Segundo a agência de notícias AFP, as chamas começaram em uma área do subúrbio da cidade e se alastraram rapidamente, devido aos fortes ventos que atingem a região. Há temores de que a situação piore nas próximas horas, uma vez que a previsão do tempo estima rajadas de vento de até 160 km/h.
Milhares de pessoas foram obrigadas a evacuarem às pressas suas casas. Entre elas estão grandes nomes do cinema como Tom Hanks e Adam Sandler.
Uma sessão de “Ainda Estou aqui” para votantes do Oscar teve que ser cancelada durante à noite em função do incidente.
O evento teria a participação da atriz Fernanda Torres e do diretor Walter Salles em uma conversa com o cineasta mexicano Guillermo Del Toro, de “A Forma da Água”.
Outras reuniões similares e eventos correlatos ao Oscar também foram cancelados.
Segundo a AFP, uma tempestade de vento teria contribuído para a propagação do fogo. Incêndios são comuns nesta área durante esta época do ano, porém não na proporção do registrado hoje.
O fogo, que se iniciou ainda na noite desta terça-feira (7), destruiu mais de 500 hectares de Pacific Palisades, uma luxuosa comunidade no sopé das montanhas de Santa Mônica.
“O fogo é alimentado por uma combinação de ventos fortes e topografia, que desafia nosso pessoal de forma extrema”, diz Kristin Crowley, chefe do corpo de bombeiros de Los Angeles.

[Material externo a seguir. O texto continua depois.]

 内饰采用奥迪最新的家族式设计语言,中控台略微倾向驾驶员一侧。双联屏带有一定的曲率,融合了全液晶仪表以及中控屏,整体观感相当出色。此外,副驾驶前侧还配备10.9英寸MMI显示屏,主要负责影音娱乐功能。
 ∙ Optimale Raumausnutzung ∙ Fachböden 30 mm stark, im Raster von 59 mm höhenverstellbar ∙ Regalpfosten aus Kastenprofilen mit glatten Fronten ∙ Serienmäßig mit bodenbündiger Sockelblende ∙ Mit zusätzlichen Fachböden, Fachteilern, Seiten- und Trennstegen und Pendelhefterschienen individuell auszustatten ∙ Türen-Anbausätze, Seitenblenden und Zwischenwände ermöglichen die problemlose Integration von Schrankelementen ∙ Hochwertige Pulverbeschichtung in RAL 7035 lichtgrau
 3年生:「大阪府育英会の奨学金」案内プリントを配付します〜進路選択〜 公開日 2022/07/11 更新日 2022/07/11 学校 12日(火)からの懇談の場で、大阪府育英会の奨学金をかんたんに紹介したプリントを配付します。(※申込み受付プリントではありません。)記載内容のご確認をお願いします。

Mais de 10 mil casas estão na área atingida. Ao menos 250 bombeiros combatem o incêndio.
Uma importante estrada que liga o subúrbio a Los Angeles foi datada e várias ruas de Pacific Palisades bloqueadas. Moradores abandonaram seus carros e fugiram, inclusive com crianças.

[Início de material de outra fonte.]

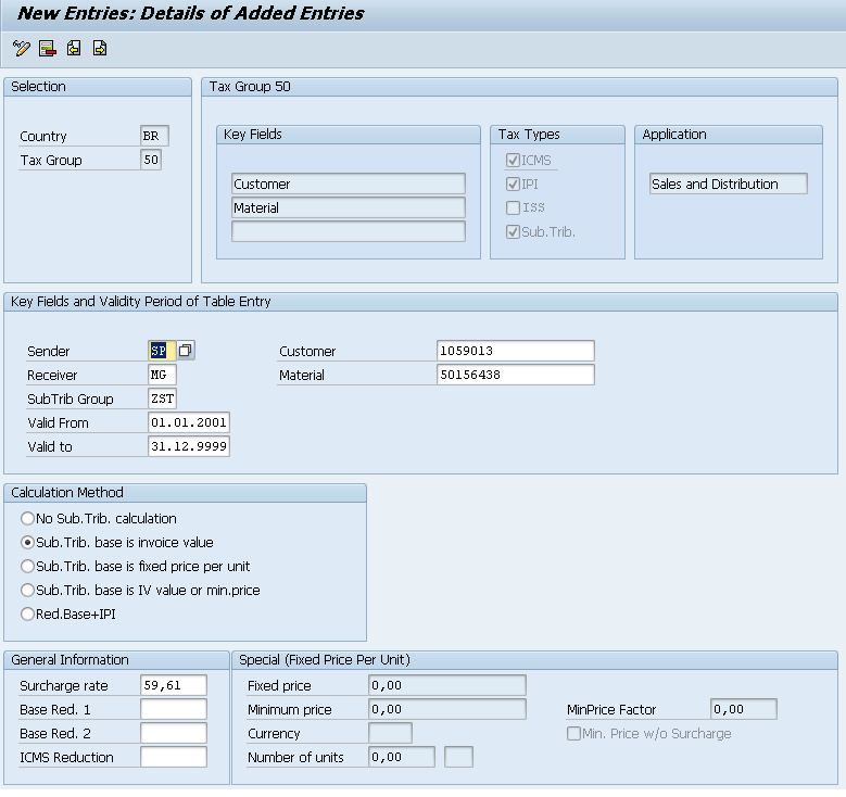 You can pick any tax group that fits your needs, I did select the combination of Customer and Material (here represented as group 50). If you are not familiar with tax groups, check the following posts:

As autoridades vão utilizar uma escavadeira para retirar os veículos e dar passagem aos bombeiros.
“O Serviço Meteorológico Nacional prevê que os ventos aumentarão. Eles atingirão o pior horário entre 5h e 10h da manhã”, diz Anthony Marrone, do corpo de bombeiros de Los Angeles.

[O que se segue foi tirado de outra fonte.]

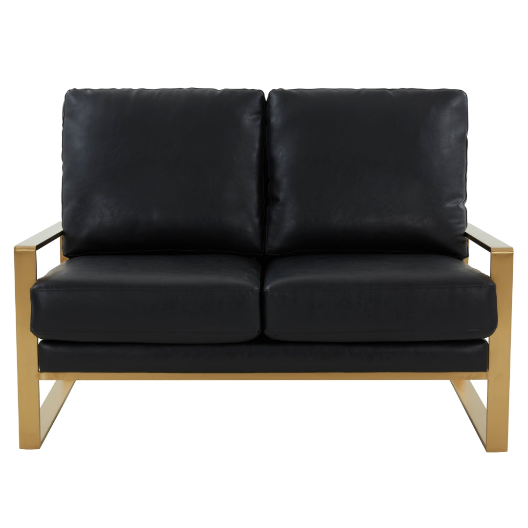 Jefferson - Leather Loveseat - Gold Frame - Black

Condição climática extrema
O incêndio começou em um ambiente de baixa umidade e logo que os fortes ventos de Santa Ana, característicos da temporada na Califórnia, avançaram fortemente sobre Los Angeles.
A região “vivencia condições climáticas extremas, com alerta vermelho no momento do incêndio”, dizem autoridades.
Os especialistas sustentam que esta poderá ser a pior tempestade de vento numa década, e as autoridades alertam que o pior ainda está por vir.
Segundo o Serviço Meteorológico Nacional, são esperadas rajadas de vento de 160 km/h. “Os incêndios nestas condições podem ser catastróficos”, alerta o meteorologista Daniel Swain. “Será uma noite difícil.”
Há dezenas de pessoas deixando as localidades a pé, com poucos pertences e animais de estimação.
“A fumaça diminuiu quando eu estava em casa e o fogo estava muito próximo”, disse à AFP Andrew Hires, professor da Universidade do Sul da Califórnia, que deixou sua casa junto com sua família.”Colocamos uma pilha de documentos e roupas em algumas caixas, algumas fotos e fomos”, complementa.
Kelsey Trainor, moradora que conversou com a emissora KTLA, narrou os momentos angustiantes que viveu ao tentar sair do local.
“Quando chegamos à colina, tudo estava bloqueado. Não havia como ir e as pessoas estavam abandonando seus carros”, disse.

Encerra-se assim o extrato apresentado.